PAPI aims to provide the tool designer and application engineer with a consistent interface and methodology for use of the performance counter hardware found in most major microprocessors. PAPI旨在为工具设计人员和应用工程师提供一致的接口和方法,以便使用大多数主要微处理器中的性能计数器硬件。

Vince Weaver, a Post Doctoral Research Associate with the Innovative Computing Laboratory at the University of Tennessee, did some PAPI-related work. Vince Weaver是田纳西大学创新计算实验室的博士后研究员,他做了一些与PAPI相关的工作。 The research listed on his web page at UTK looks like it may provide some additional information. 他在UTK 网页上列出的研究表明它可能会提供一些额外的信息。

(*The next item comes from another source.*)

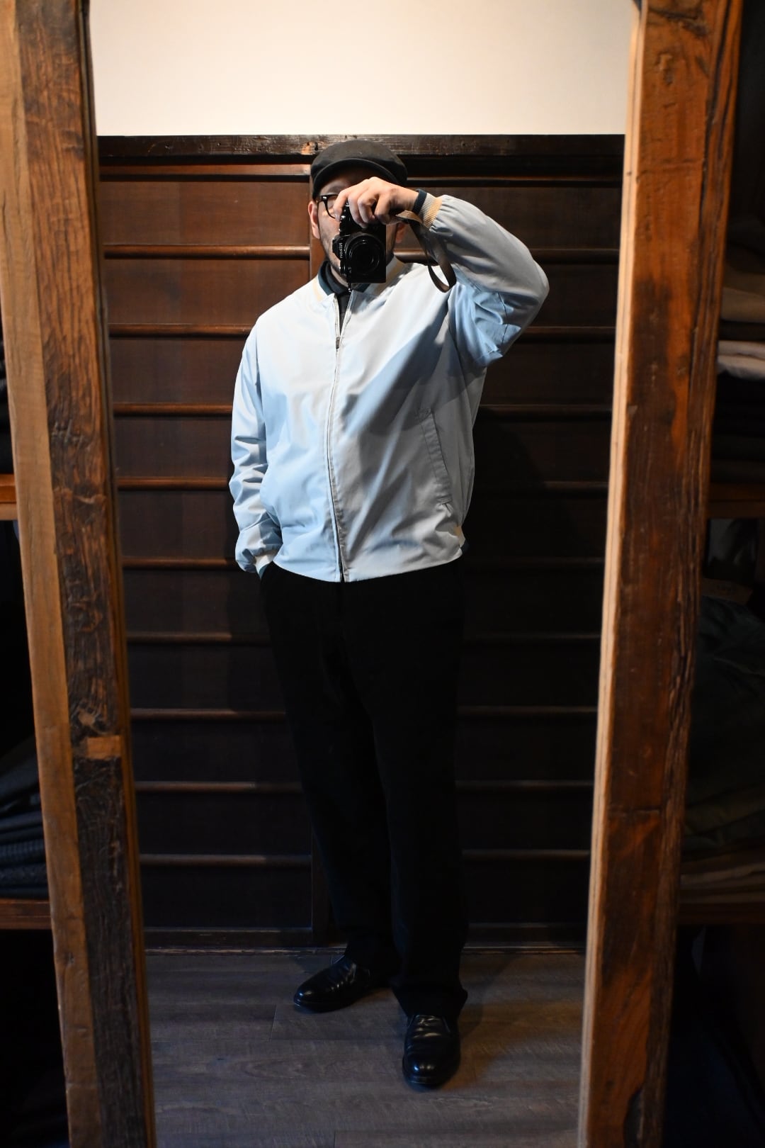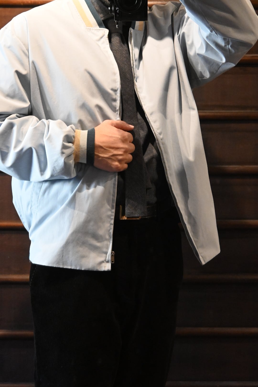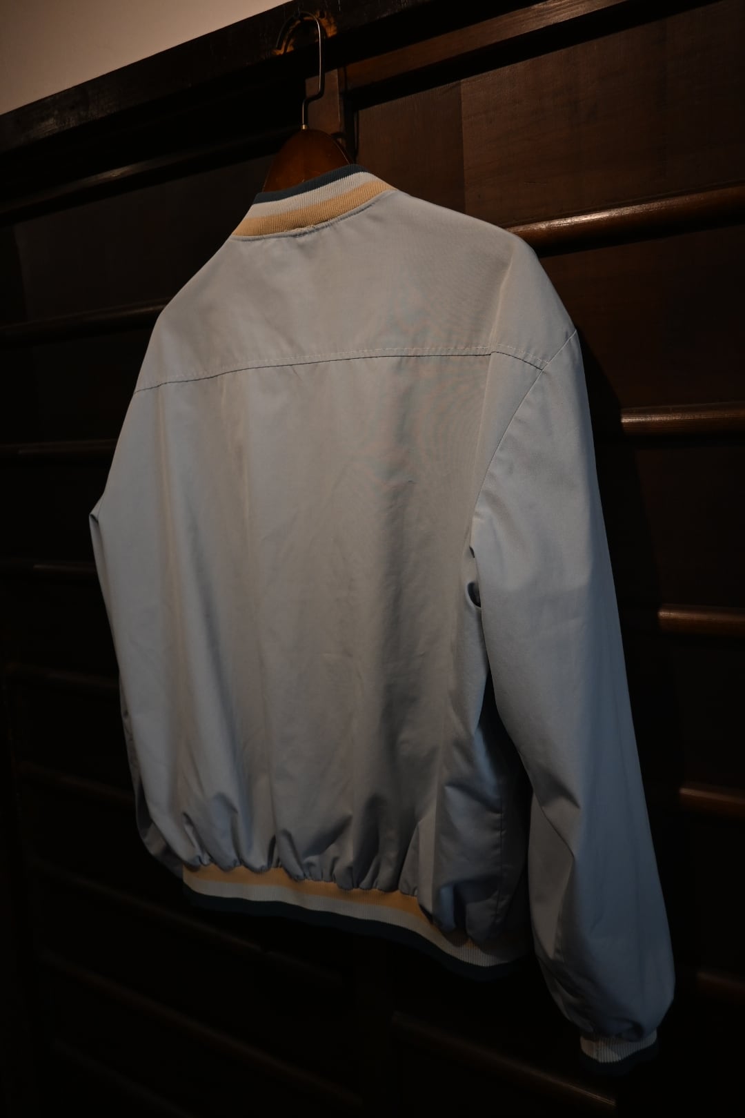 淡いライトブルーサックスブルー系のボディに、リブ仕様の襟・袖・裾が特徴的なクラシックなデザイン。

There are a couple of ways you could go about it, depending on exactly what you need. 根据您的需要,有几种方法可以解决它。 If you just want to find out the total number of potential arguments you could just run objdump on the binary, which will give you the assembly. 如果你只是想找出潜在参数的总数,你可以在二进制文件上运行objdump,这将为你提供程序集。 If you want more detailed information about the actual instructions being hit on a given run-through of the program, you may want to look into DynamoRIO which provides that functionality. 如果您想了解有关程序的给定运行中遇到的实际指令的更多详细信息,您可能需要查看提供该功能的DynamoRIO It is similar to valgrind, but I believe it has a smaller affect on performance. 它类似于valgrind,但我相信它对性能的影响较小。 I was able to throw together a basic instruction counter with it back in September relatively quickly and easily. 我能够相对快速,轻松地将9月份的基本指令计数器放在一起。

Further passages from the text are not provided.